#### Task to complete:
Below are the records; give again exactly the lines from the one containing "- Machine Washable: Our" through the one containing "4-6F叠加别墅。层高,下叠", leaving out pictures.

#### Excerpted records:
- Opening Delimiter -
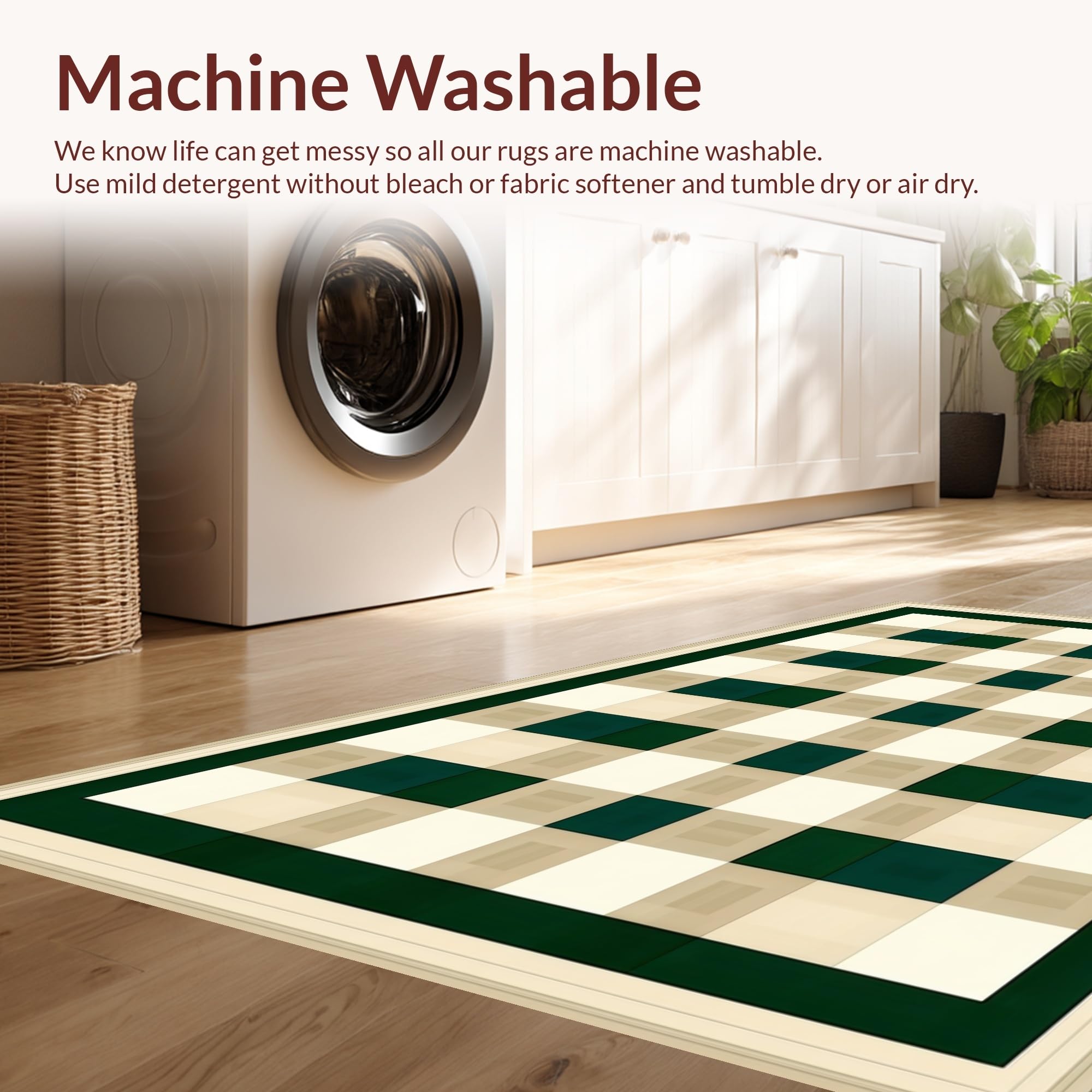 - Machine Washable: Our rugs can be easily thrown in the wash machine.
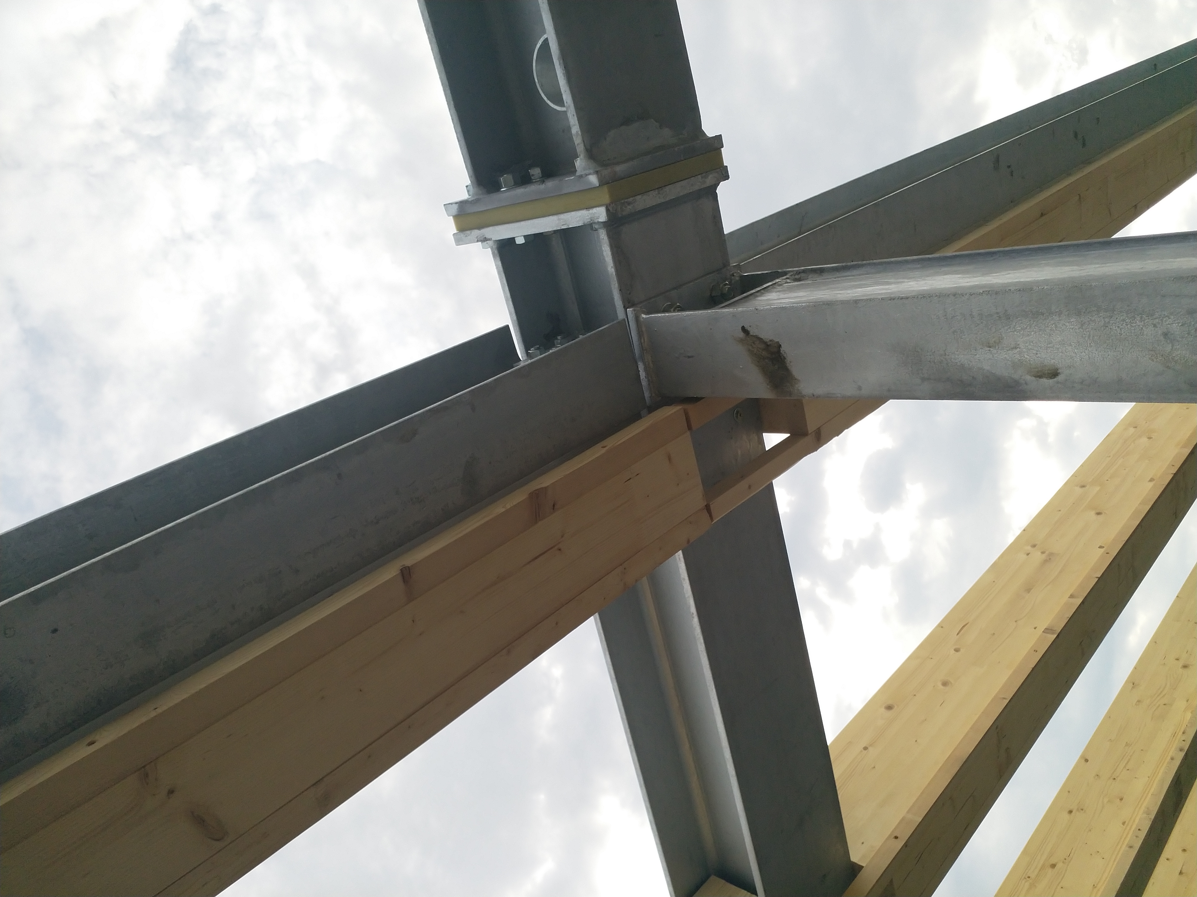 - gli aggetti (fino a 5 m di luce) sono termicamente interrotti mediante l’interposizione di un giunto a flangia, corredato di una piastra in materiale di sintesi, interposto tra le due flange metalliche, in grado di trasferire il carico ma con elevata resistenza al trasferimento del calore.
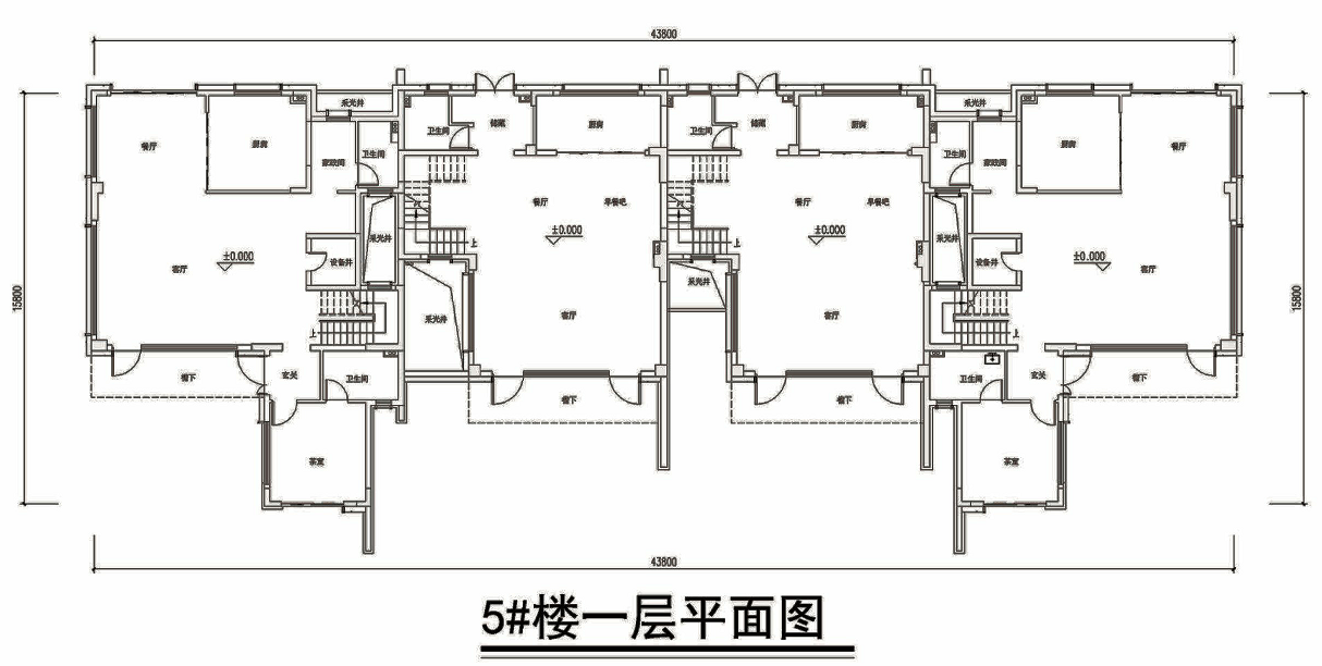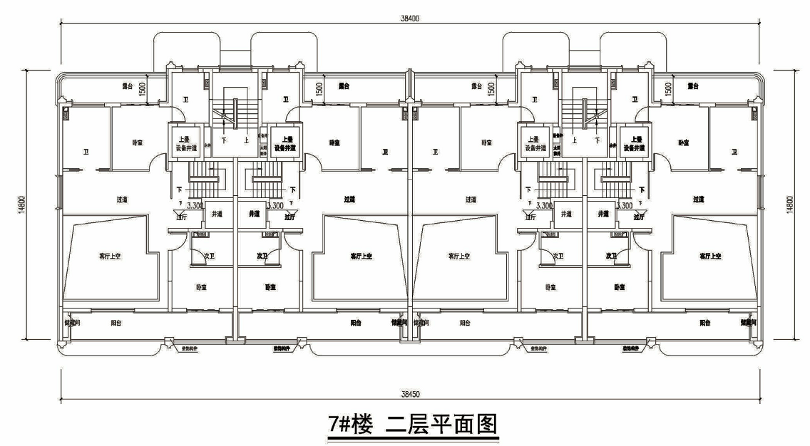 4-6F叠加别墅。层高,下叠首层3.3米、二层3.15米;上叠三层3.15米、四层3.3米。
- Closing Delimiter -
- Opening Delimiter -
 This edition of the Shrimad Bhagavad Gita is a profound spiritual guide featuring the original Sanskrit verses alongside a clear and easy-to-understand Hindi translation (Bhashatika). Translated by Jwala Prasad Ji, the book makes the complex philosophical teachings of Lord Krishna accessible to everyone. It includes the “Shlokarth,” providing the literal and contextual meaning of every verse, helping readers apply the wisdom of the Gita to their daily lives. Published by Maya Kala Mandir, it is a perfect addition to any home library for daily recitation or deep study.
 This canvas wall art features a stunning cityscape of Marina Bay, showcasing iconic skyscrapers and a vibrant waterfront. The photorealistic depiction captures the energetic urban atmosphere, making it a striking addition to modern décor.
- Closing Delimiter -
#### Response:
 - Machine Washable: Our rugs can be easily thrown in the wash machine.
 - gli aggetti (fino a 5 m di luce) sono termicamente interrotti mediante l’interposizione di un giunto a flangia, corredato di una piastra in materiale di sintesi, interposto tra le due flange metalliche, in grado di trasferire il carico ma con elevata resistenza al trasferimento del calore.
 4-6F叠加别墅。层高,下叠首层3.3米、二层3.15米;上叠三层3.15米、四层3.3米。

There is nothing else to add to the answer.